*** TASK INPUT Section Begins ***
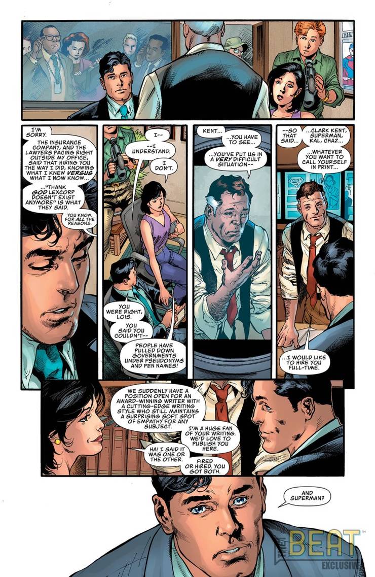V Superman #19 si Clark sedne s Lois a Jimmym v kanceláři Perryho Whitea, aby s ním probral velké oznámení. Zatímco se Lois snaží Perryho přesvědčit, že se ve skutečnosti nic nezměnilo, Perry mu vysvětlí, že Clark dostal celý Daily Planet do obtížné situace, a na místě ho vyhodí. Vyhazov netrvá dlouho, protože Perry okamžitě nabídne „Clarku Kentovi, Supermanovi, Kalovi, Chazovi… čemukoli“, po čem Superman jede, práci ve svém redakčním týmu.
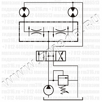 Подключите порт V к линии нагнетания, а порты C1 и C2 к гидроприводу. Гидравлическая жидкость поступает из линии V и делится на две равные части в линиях C1 и C2. В обратную сторону поток суммируется.
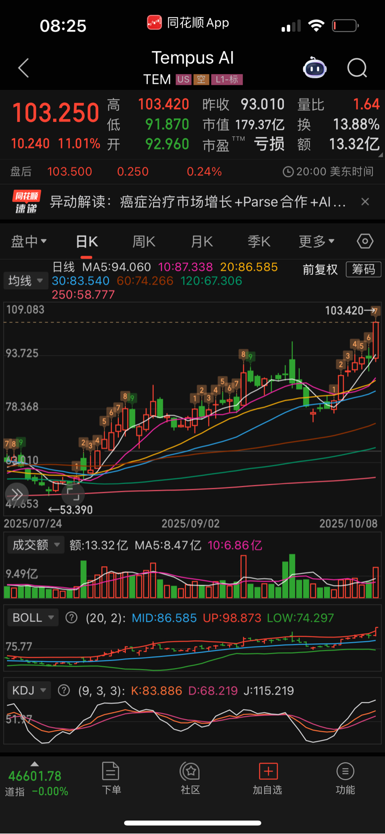 美股ai医疗TEM暴涨创历史新高
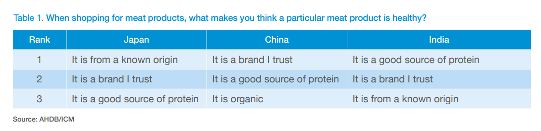 隨著生活水平和受教育程度提高,亞洲消費者越來越關(guān)心健康問題。與此同時,飲食結(jié)構(gòu)引發(fā)的慢性病越來越多,消費者更加注重食品對于健康的影響。超半數(shù)亞洲受訪者認為食品對健康的影響是選擇購買時的考慮因素。中國和越南將食品安全作為消費首要考慮因素。不到1/3的中國消費者和25%的日本消費者認為瘦肉更健康。中國和日本消費者對肥肉并不抗拒。但是,在日本女性消費者認為羊肉更健康。(圖三:選購食品——食品如何影響健康和福祉)(表一:選購肉類產(chǎn)品,哪種肉制品,你認為是健康的)
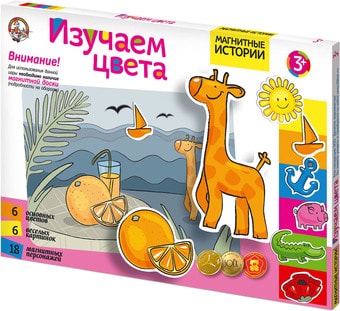 | Информация | Дополнительный набор отличается от основного отсутствием магнитной доски. Если у вас уже имеется любая игра из серии «Магнитные истории» или «Пифагорики», планшет от нее подойдет к этому дополнительному набору и даст вам возможность сэкономить на покупке.Знакомство с цветом, кажется что может быть проще, но на самом деле все не так.Представьте себе, что Вы собираетесь выучить незнакомый Вам язык - как сложно запомнить необычные слова. Что-то подобное происходит и с ребенком, которому Вы показываете предмет и называете его цвет. Сколько вокруг малыша в этом мире вещей и у каждой свой цвет. Совсем непросто ему с этим разобраться, да еще и запомнить название цветов. Зато, сколько гордости у родителей и радости у ребенка, когда он с уверенностью и правильно решает поставленную перед ним задачу. Родителям подходить к этому вопросу надо очень осторожно и не отбить у малыша желания к развитию и обучению. Сначала нужно познакомить малыша с четырьмя основными цветами: красным, желтым, зеленым и синим. Закрепить его знания и только затем добавлять другие цвета и оттенки. Чтобы помочь Вам в решении данной задачи мы и создали игру "Изучаем цвета". |
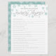 Testen Sie Ihre Babyduschgäste mit dieser niedlichen Spielkarte mit einem Schneeflottthema. Koordiniert mit unserer Babydusche "Baby ist kalt draußen". ANTWORTEN 1 AUSGABE DER PAPRIKASCHOTEN 2. BUTCHER BAKER KANDLESTICK MAKER 3. 4. EHEFRAU 5 des Bauern. GRAD 6.4 UND 20 7. TUFFET 8. CHRISTMAS PIE 9. HUNDE BONE 10. SILBER BELLS 11. EIN SCHWEIN 12. NACHTGOWN 13,3 BAGS ERFÜLLT 14. EIN PONY 15. NEUN TAGE 16. 17. FAT 18. IHRE MITTENS Hier finden Sie die komplette Babydusche-Kollektion zum Winterthema:
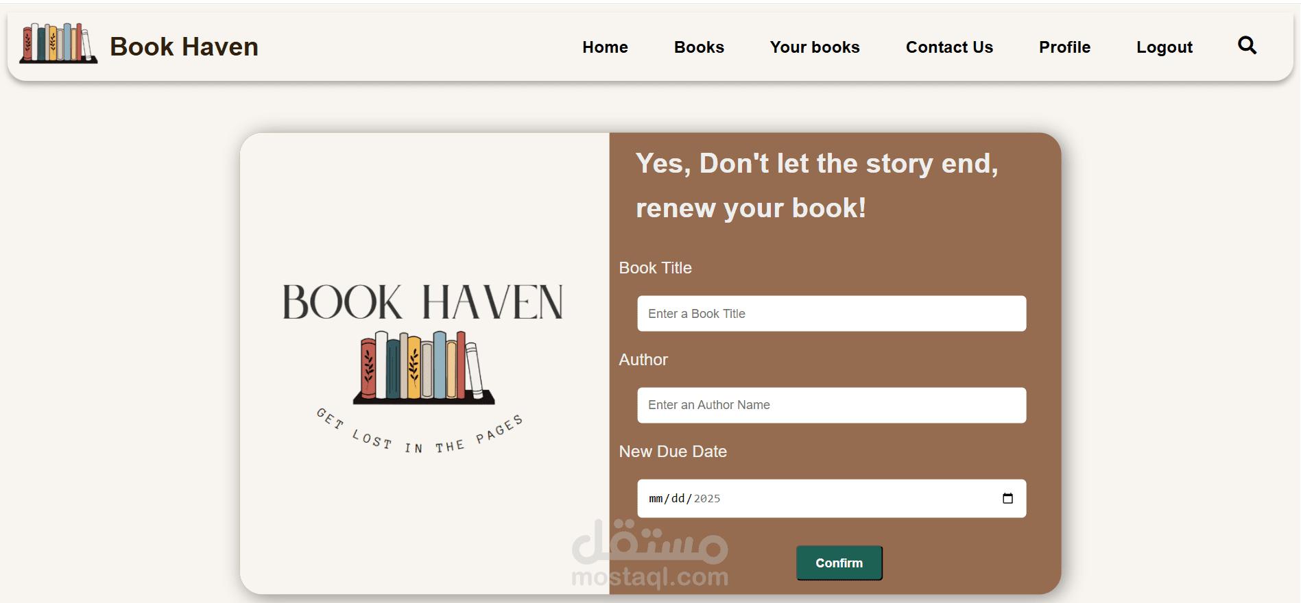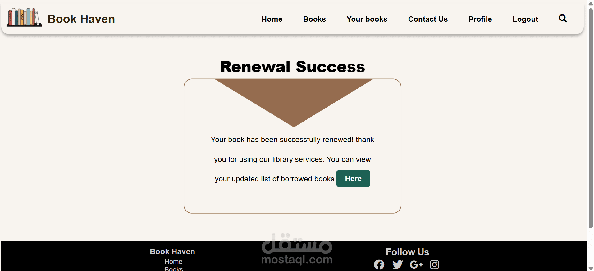 2- تجديد كتاب (Renew) بمدة جديدة يحددها المستخدم، مع انتقاله لصفحة تأكيد تخبره أن عملية التجديد تمت بنجاح.
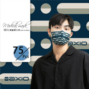 AXIO 3D立體醫療口罩-成人75入/共三盒25入(調節扣可調整耳帶鬆緊)SET-MA02-藍條紋
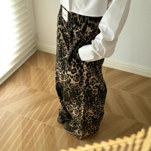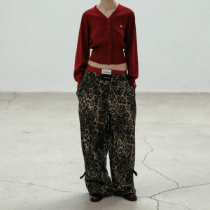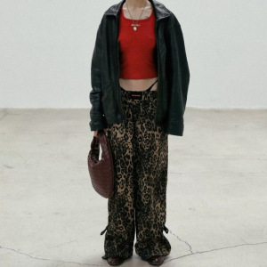 韓国 BADBLOOD ヒョウ柄アメリカンレトロホットガールルーズカジュアルパンツ刺繍ジャズストリートダンスワイドレッグパンツ女性用
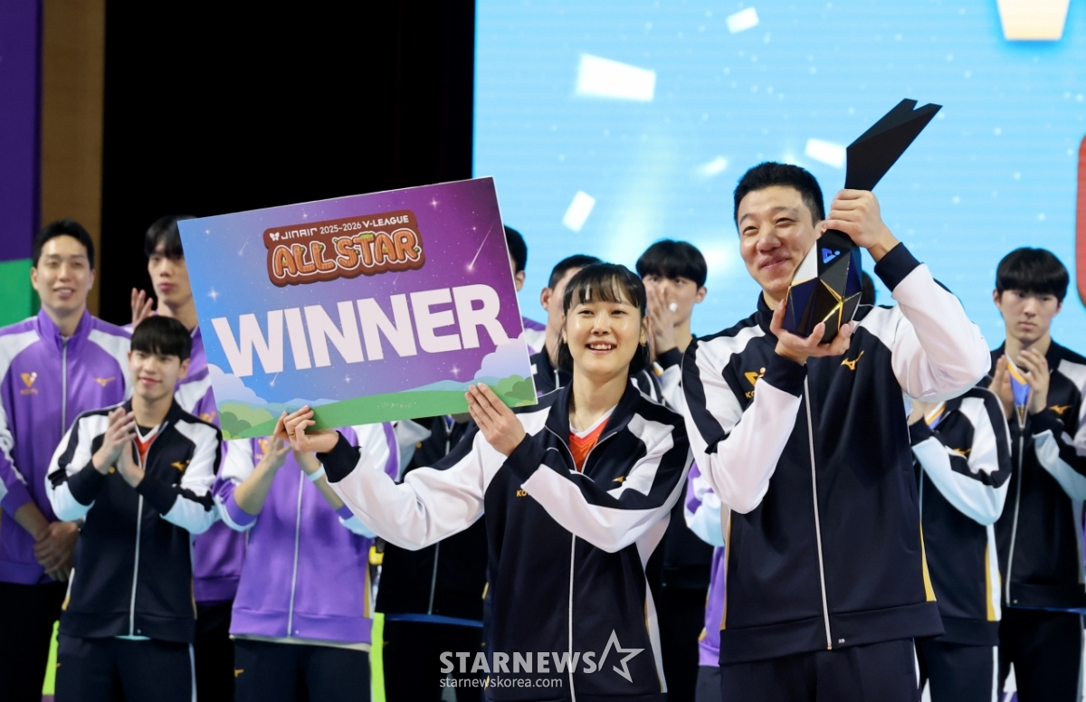25日,在春川湖畔体育馆举行的2025-2026真航空V联赛全明星赛结束后,K全明星申英锡和林明玉正在合影留念。 以K明星和V明星的对决进行的全明星赛,举行了扣球发球、自由人比赛等多种活动,给粉丝们带来了快乐。 2026. 01.25.
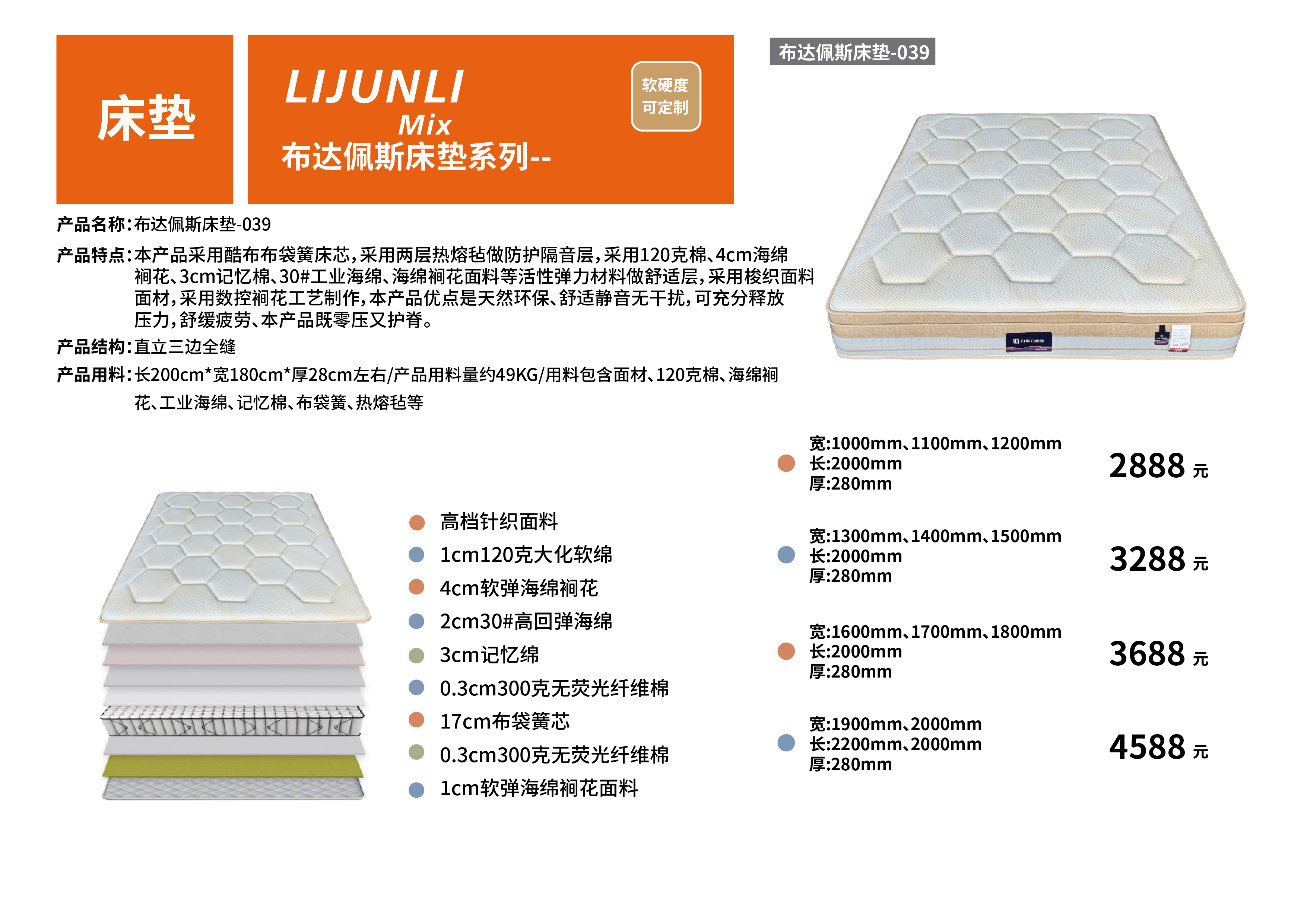 3、订购本产品其中一种尺寸的订单填写举例:布达佩斯床垫-039 1800mm*2000mm*280mm
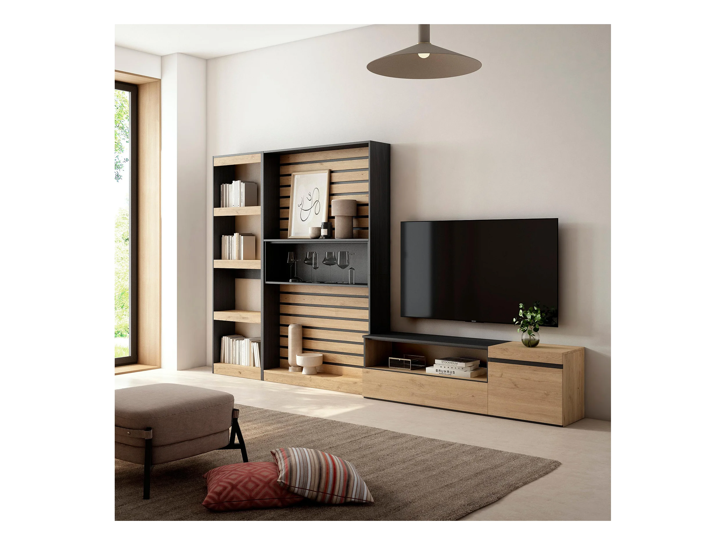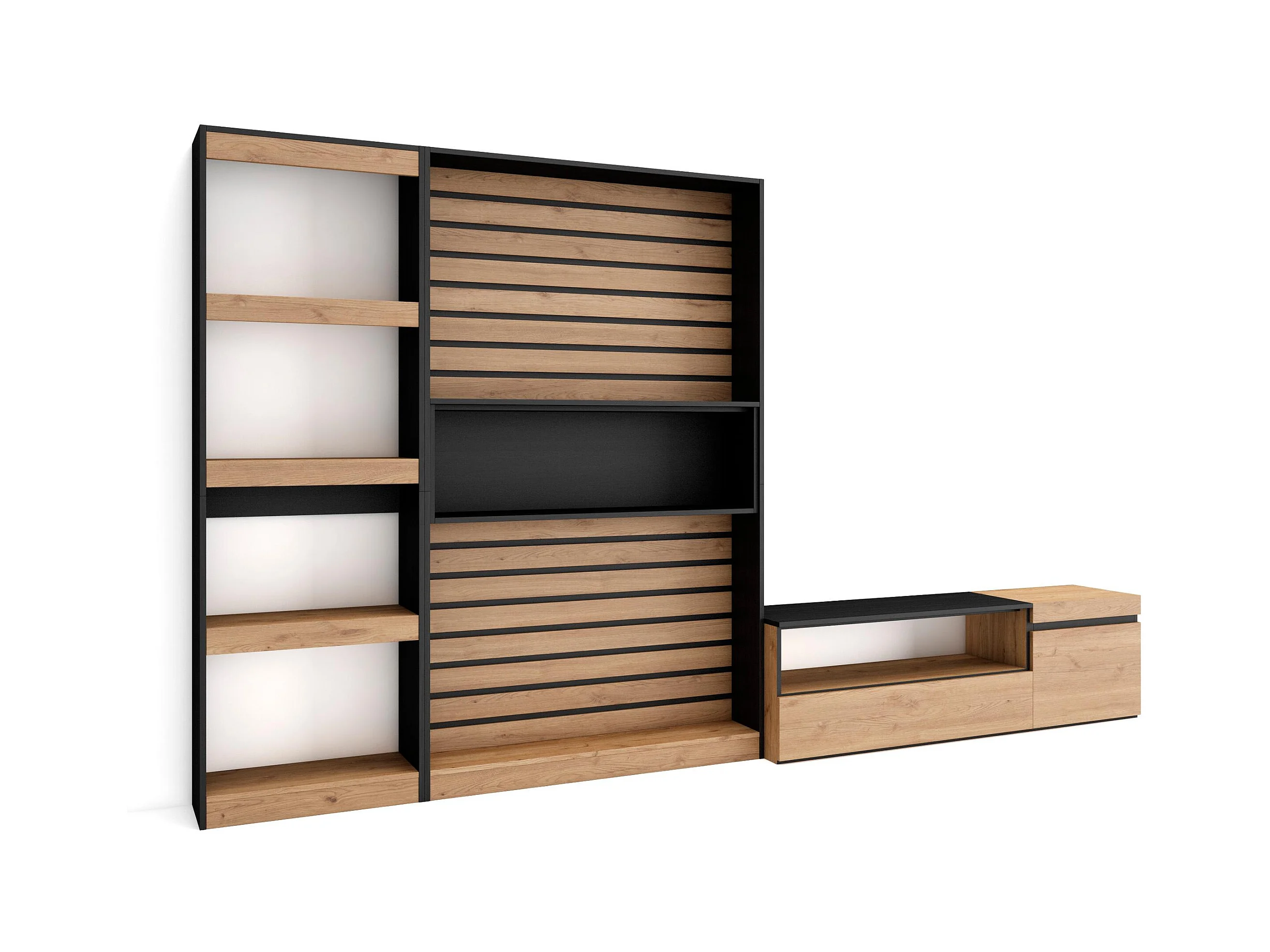 Ensemble Meuble TV, 320x35x186cm, Salon Complet, Chêne et noir
*** TASK INPUT Section Ends ***
PROBLEM TO SOLVE: Word for word, copy all the entries above, but with no pictures.

TASK ANSWER:
V Superman #19 si Clark sedne s Lois a Jimmym v kanceláři Perryho Whitea, aby s ním probral velké oznámení. Zatímco se Lois snaží Perryho přesvědčit, že se ve skutečnosti nic nezměnilo, Perry mu vysvětlí, že Clark dostal celý Daily Planet do obtížné situace, a na místě ho vyhodí. Vyhazov netrvá dlouho, protože Perry okamžitě nabídne „Clarku Kentovi, Supermanovi, Kalovi, Chazovi… čemukoli“, po čem Superman jede, práci ve svém redakčním týmu.
 Подключите порт V к линии нагнетания, а порты C1 и C2 к гидроприводу. Гидравлическая жидкость поступает из линии V и делится на две равные части в линиях C1 и C2. В обратную сторону поток суммируется.
 美股ai医疗TEM暴涨创历史新高
 隨著生活水平和受教育程度提高,亞洲消費者越來越關(guān)心健康問題。與此同時,飲食結(jié)構(gòu)引發(fā)的慢性病越來越多,消費者更加注重食品對于健康的影響。超半數(shù)亞洲受訪者認為食品對健康的影響是選擇購買時的考慮因素。中國和越南將食品安全作為消費首要考慮因素。不到1/3的中國消費者和25%的日本消費者認為瘦肉更健康。中國和日本消費者對肥肉并不抗拒。但是,在日本女性消費者認為羊肉更健康。(圖三:選購食品——食品如何影響健康和福祉)(表一:選購肉類產(chǎn)品,哪種肉制品,你認為是健康的)
 | Информация | Дополнительный набор отличается от основного отсутствием магнитной доски. Если у вас уже имеется любая игра из серии «Магнитные истории» или «Пифагорики», планшет от нее подойдет к этому дополнительному набору и даст вам возможность сэкономить на покупке.Знакомство с цветом, кажется что может быть проще, но на самом деле все не так.Представьте себе, что Вы собираетесь выучить незнакомый Вам язык - как сложно запомнить необычные слова. Что-то подобное происходит и с ребенком, которому Вы показываете предмет и называете его цвет. Сколько вокруг малыша в этом мире вещей и у каждой свой цвет. Совсем непросто ему с этим разобраться, да еще и запомнить название цветов. Зато, сколько гордости у родителей и радости у ребенка, когда он с уверенностью и правильно решает поставленную перед ним задачу. Родителям подходить к этому вопросу надо очень осторожно и не отбить у малыша желания к развитию и обучению. Сначала нужно познакомить малыша с четырьмя основными цветами: красным, желтым, зеленым и синим. Закрепить его знания и только затем добавлять другие цвета и оттенки. Чтобы помочь Вам в решении данной задачи мы и создали игру "Изучаем цвета". |
 Testen Sie Ihre Babyduschgäste mit dieser niedlichen Spielkarte mit einem Schneeflottthema. Koordiniert mit unserer Babydusche "Baby ist kalt draußen". ANTWORTEN 1 AUSGABE DER PAPRIKASCHOTEN 2. BUTCHER BAKER KANDLESTICK MAKER 3. 4. EHEFRAU 5 des Bauern. GRAD 6.4 UND 20 7. TUFFET 8. CHRISTMAS PIE 9. HUNDE BONE 10. SILBER BELLS 11. EIN SCHWEIN 12. NACHTGOWN 13,3 BAGS ERFÜLLT 14. EIN PONY 15. NEUN TAGE 16. 17. FAT 18. IHRE MITTENS Hier finden Sie die komplette Babydusche-Kollektion zum Winterthema:
 2- تجديد كتاب (Renew) بمدة جديدة يحددها المستخدم، مع انتقاله لصفحة تأكيد تخبره أن عملية التجديد تمت بنجاح.
 AXIO 3D立體醫療口罩-成人75入/共三盒25入(調節扣可調整耳帶鬆緊)SET-MA02-藍條紋
 韓国 BADBLOOD ヒョウ柄アメリカンレトロホットガールルーズカジュアルパンツ刺繍ジャズストリートダンスワイドレッグパンツ女性用
25日,在春川湖畔体育馆举行的2025-2026真航空V联赛全明星赛结束后,K全明星申英锡和林明玉正在合影留念。 以K明星和V明星的对决进行的全明星赛,举行了扣球发球、自由人比赛等多种活动,给粉丝们带来了快乐。 2026. 01.25.
 3、订购本产品其中一种尺寸的订单填写举例:布达佩斯床垫-039 1800mm*2000mm*280mm
 Ensemble Meuble TV, 320x35x186cm, Salon Complet, Chêne et noir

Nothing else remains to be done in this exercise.